Skiing and Standards

The standards that have come out of F27 are an engineering success story. That’s how Irving Scher, Ph.D., P.E., describes it. Scher is chair of F27 and a principal and biomechanical engineer at Guidance Engineering and Applied Research in Seattle, Washington. “Our standards are very important to the industry and to consumers,” he says. “We’ve had a dramatic reduction in certain injuries that the committee was charged with addressing.”

READ MORE: Gearing Up for the Game

“I have always equated the two: standards and safety,” Scher adds. “Our main focus is improving safety.”

That improvement in safety has come with standards that range from procedures for testing the boot-binding-ski system function, procedures for testing the mechanical properties of ski equipment, and retail and rental shop procedures. 

For example, an essential part in setting how an alpine ski-boot-binding system works requires: selecting release values, the moment at which the ski comes apart from the boot.

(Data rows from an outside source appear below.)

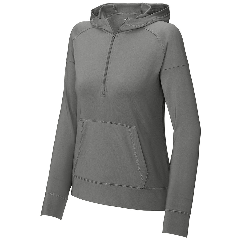 Sport-Tek Women's Charcoal Grey Sport-Wick Stretch 1/2-Zip Hoodie with a corporate logo is a fun and creative way to create a uniform that is sleek, professional, and comfortable. The simple hoodie would look great on the salesforce of a dealership or organization. This hoodie features moisture-wicking to keep everyone looking and feeling their best. Place an order today.
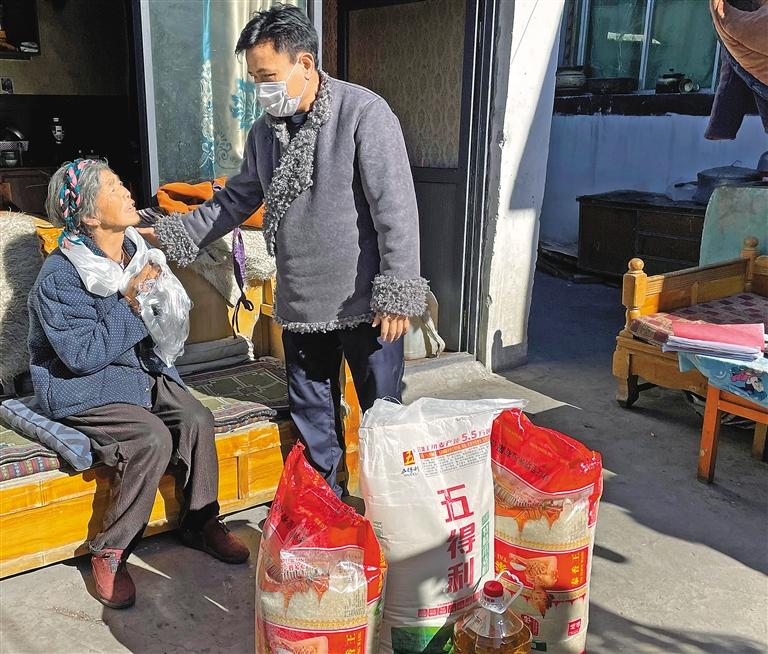 圖為山南市人大常委會(huì)工作人員深入澤當(dāng)社區(qū)困難群眾家中慰問。記者 巴桑旺姆 攝
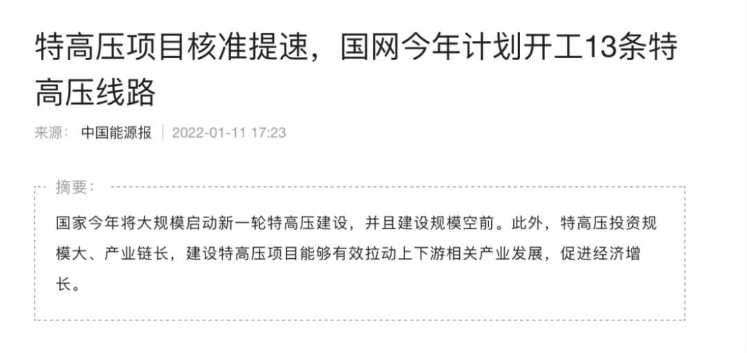 而碳达峰和碳中和又是整体经济转型的总阀门和风向标。这时,我们就可以理解作为2022年和十四五新基建投资的核心板块,为何要重金下注到特高压。
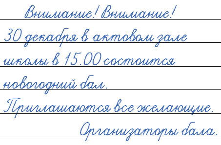 Попробуйте сами написать объявление. Подумайте, кому оно адресовано. О чём вы хотите в нём рассказать. Не забудьте подписать объявление.
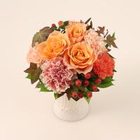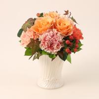 アレンジメント:バラ・カーネーション・ヒペリカム・グリーン、花器:陶製
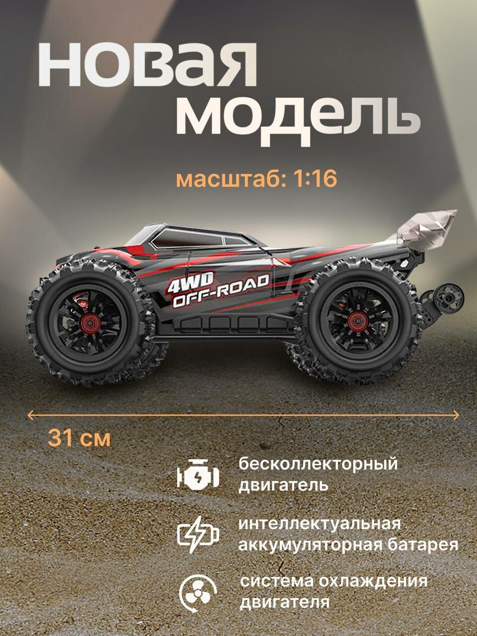 Радиоуправляемый внедорожник MJX Hyper Go 4WD Brushless Truggy 1:16 - MJX-16210-RED (MJX-16210-RED) интересное:
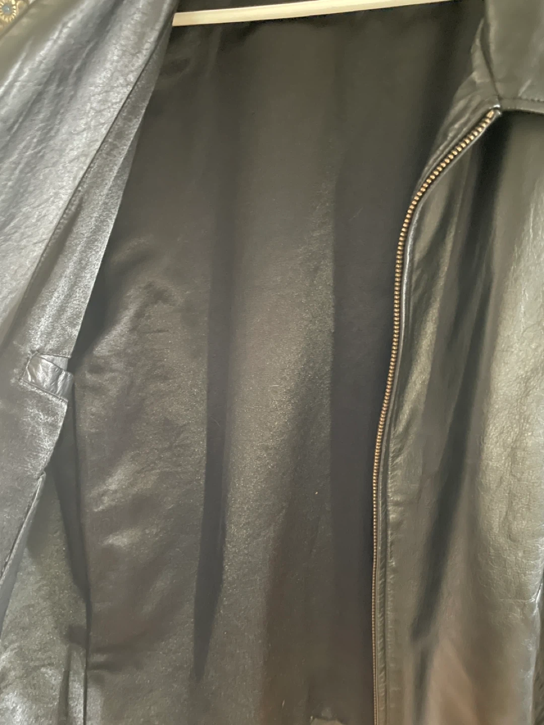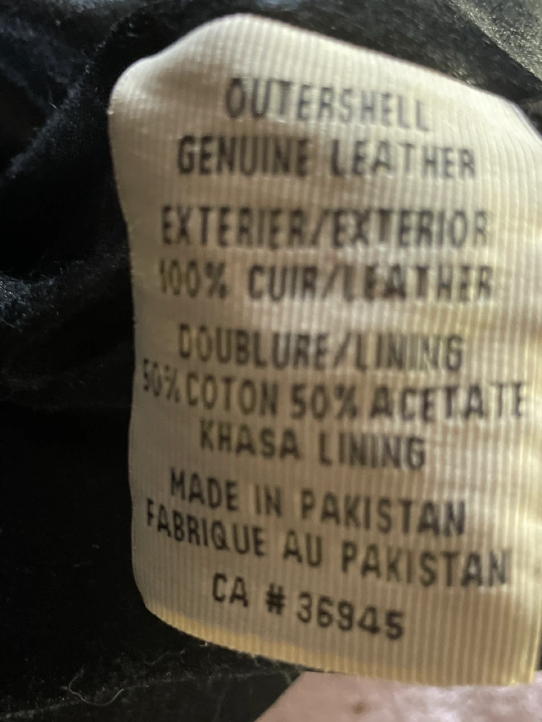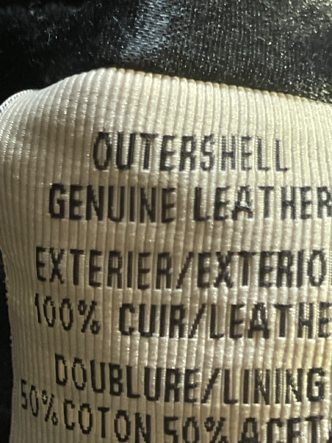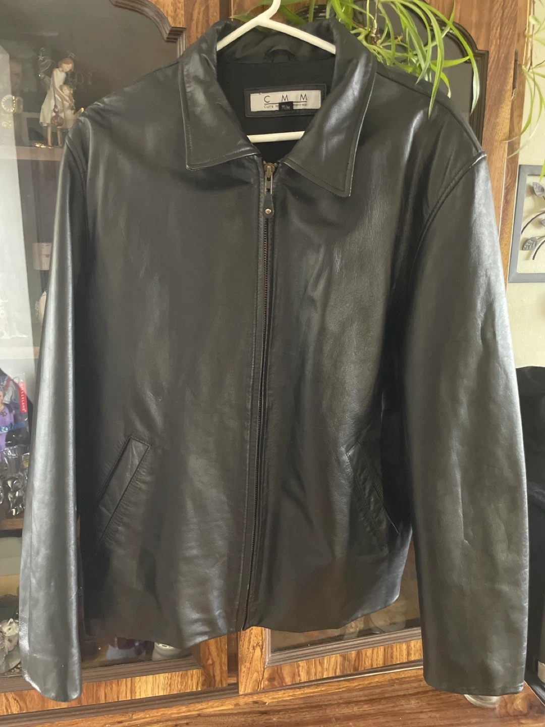 A black genuine leather jacket from CMM. The outer shell is 100% leather, with a lining of 50% cotton and 50% acetate. It's a stylish choice for cooler weather.
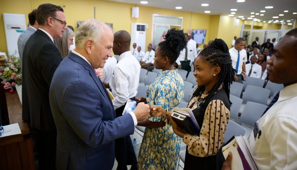 En Brazzaville, el élder Rasband caminó por los pasillos del Centro Educativo BYU–Pathway Worldwide. Las aulas estaban tan llenas que algunos estudiantes seguían la clase desde la puerta. Muchos sostenían cuadernos desgastados, otros practicaban inglés con frases sencillas, pero todos compartían el mismo espíritu de superación.
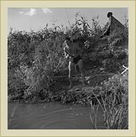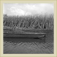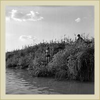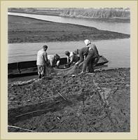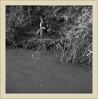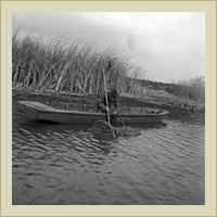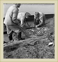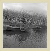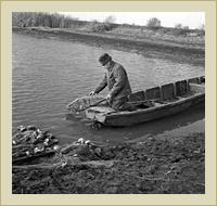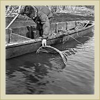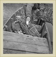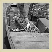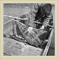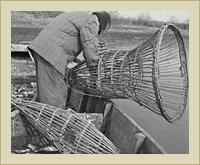 Kun László, öreg halász sűrű fonatú vesszővarsával.
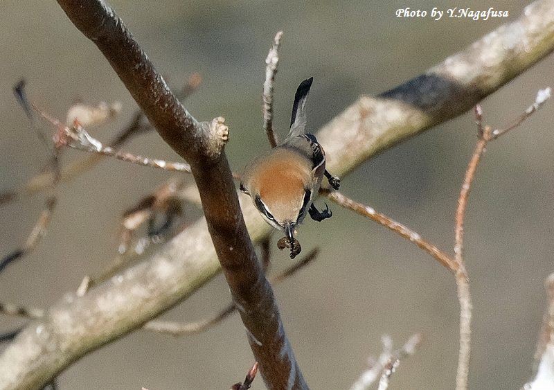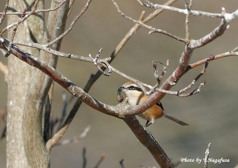 この日、モズが獲物を咥えたところを見つけました。

That moment comes in a torque, or rotation, value set and kept (through maintenance) in the binding.

The practice for selection of release torque values for alpine ski bindings (F939) has guided the process since 1985, and it is used by binding manufacturers and ski shops. Its purpose is to help reduce the risk of injury from falling down or from impact with something or someone. And while the individual skier’s height and weight are the two most important release factors — and are covered in the standard — a recent revision to F939 draws attention to another dimension. 

The revision, an illustration and text, notes (as included in the standard): “Choosing Your Release Preference Is Your Responsibility.” This allows users to adjust slightly the release settings to make them individual-specific.

“The whole change was consumer-oriented and [revolved around] trying to explain that difference to the general public,” says Scher. “That difference” explains how Types I, II, and III refer to release-ability, not skiing expertise (beginner, intermediate, expert). 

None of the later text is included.